Purpose: : The G98R mutation in human αA-crystallin (αAG98R ) causes cataract. The mutant protein exhibits increased oligomeric mass, decreased stability and altered chaperone function. The objective of this study was to determine effects of methylglyoxal (MGO), a metabolic dicarbonyl compound on the solubility and aggregation properties of αAG98R protein.

Methods: : Wild-type αA-crystallin and G98R mutant proteins were expressed in E. Coli BL21 DE3 cells and purified by anion exchange chromatography. The purified proteins (0.2 mg) were incubated with (50 µM) or without MGO in 0.2 ml of 0.05 M sodium phosphate buffer (pH 7.2) at 37^oC for one week. After incubation, the samples were filtered through 0.2 µm filter and 25 µl of the filtrate was injected to HPLC fitted with TSK5000PW_XL column and a refractive index detector coupled to multi-angle and dynamic light scattering instruments. The molar mass (Mw), hydrodynamic radius (Rh) and protein concentrations of the samples were determined using ASTRA software developed by Wyatt technologies.

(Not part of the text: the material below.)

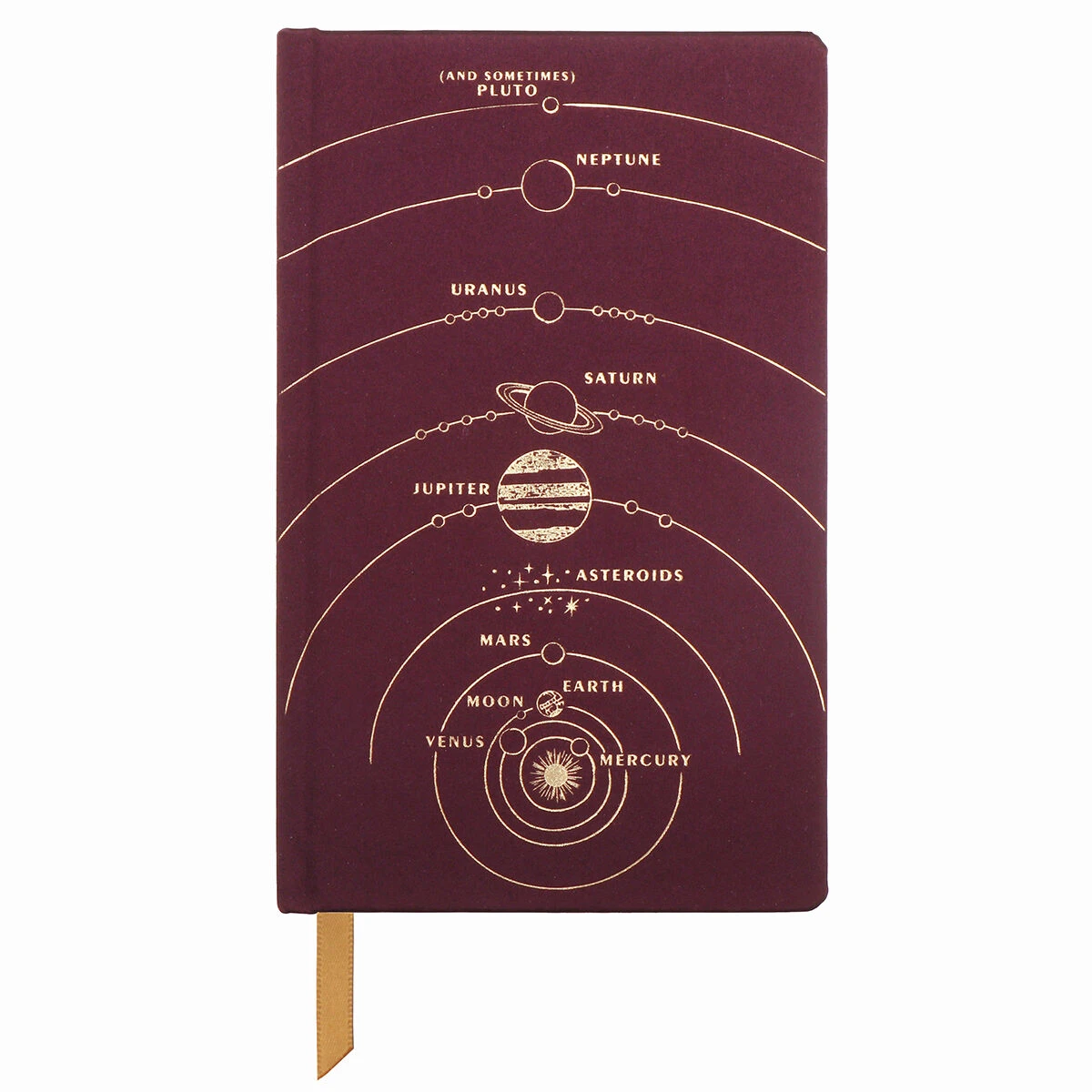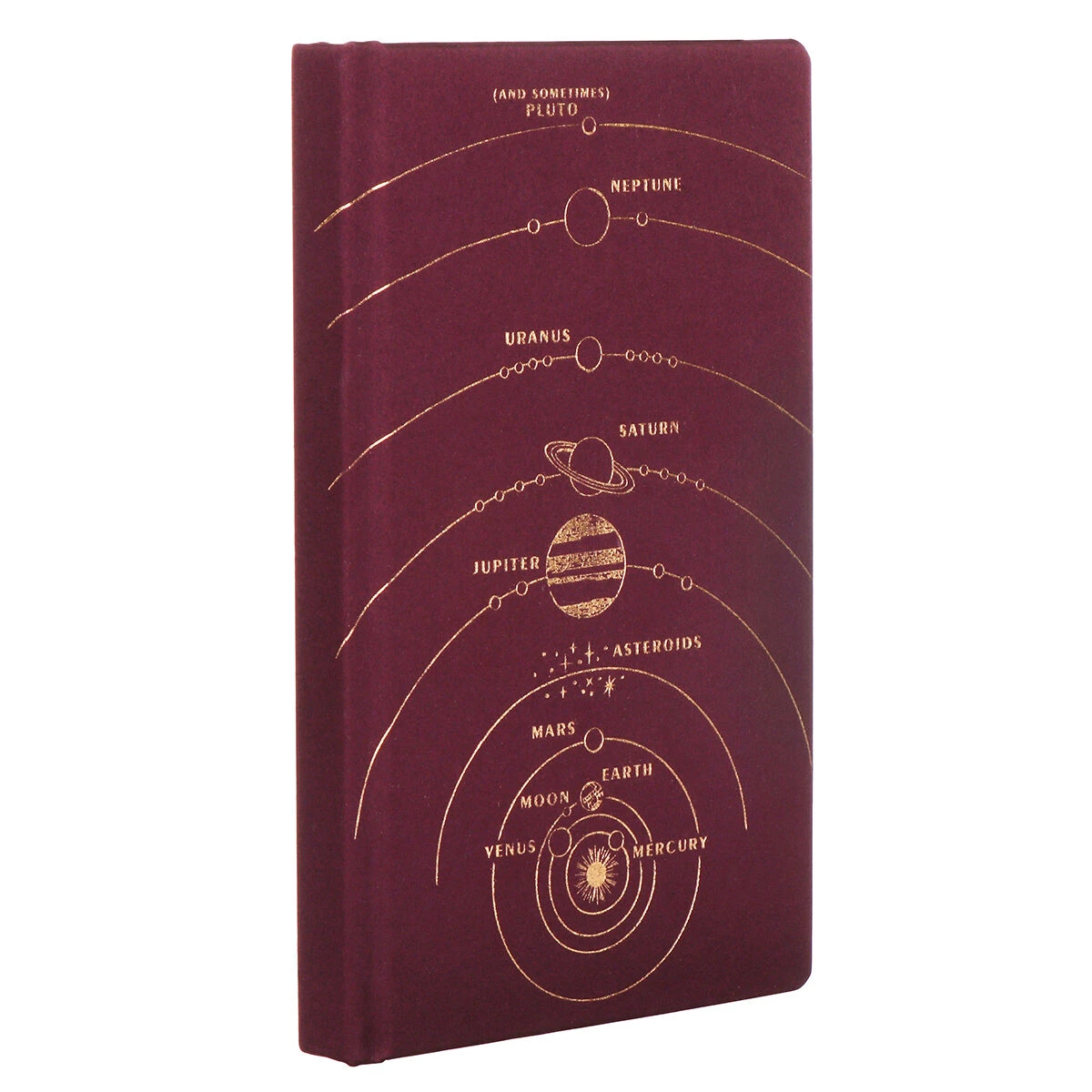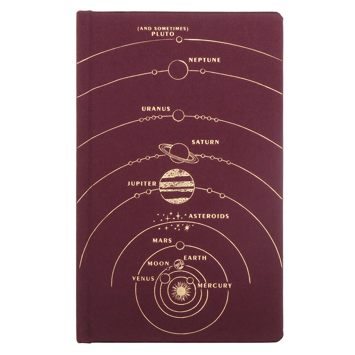 This maroon hardback book has a fabric cover which is decorated with shimmering golden planets in the solar system and the names of each planet. This notepad features 240 lined pages with helpful information in the front such as the times of the world and different star patterns. Each page features a heading ‘Subject’ and space for the date. It is complete with a golden ribbon, so you never lose your page.

Results: : In the absence of MGO, 18% of αAG98R and 76% of wt-αA were present in soluble form. However, upon reaction with MGO, nearly 80% of αAG98R and wt-αA were present in soluble form suggesting that the reaction of MGO increased the solubility of αAG98R. Reaction of MGO reduced the average Mw of soluble wild-type protein oligomers from 5.62 e5 to 4.67e5 g/mol (17% decrease) and that of αAG98R from 9.68 e6 to 3.36 e6 g/mol (65% decrease). The reaction of MGO reduced the Rh value of αAG98R from 21 to 16 nm but had no effect on the Rh value of wtαA.

Conclusions: : Our data suggests that MGO treatment increases the stability and decreases aggregation of αAG98R protein and thus MGO may have therapeutic role in preventing protein aggregation diseases.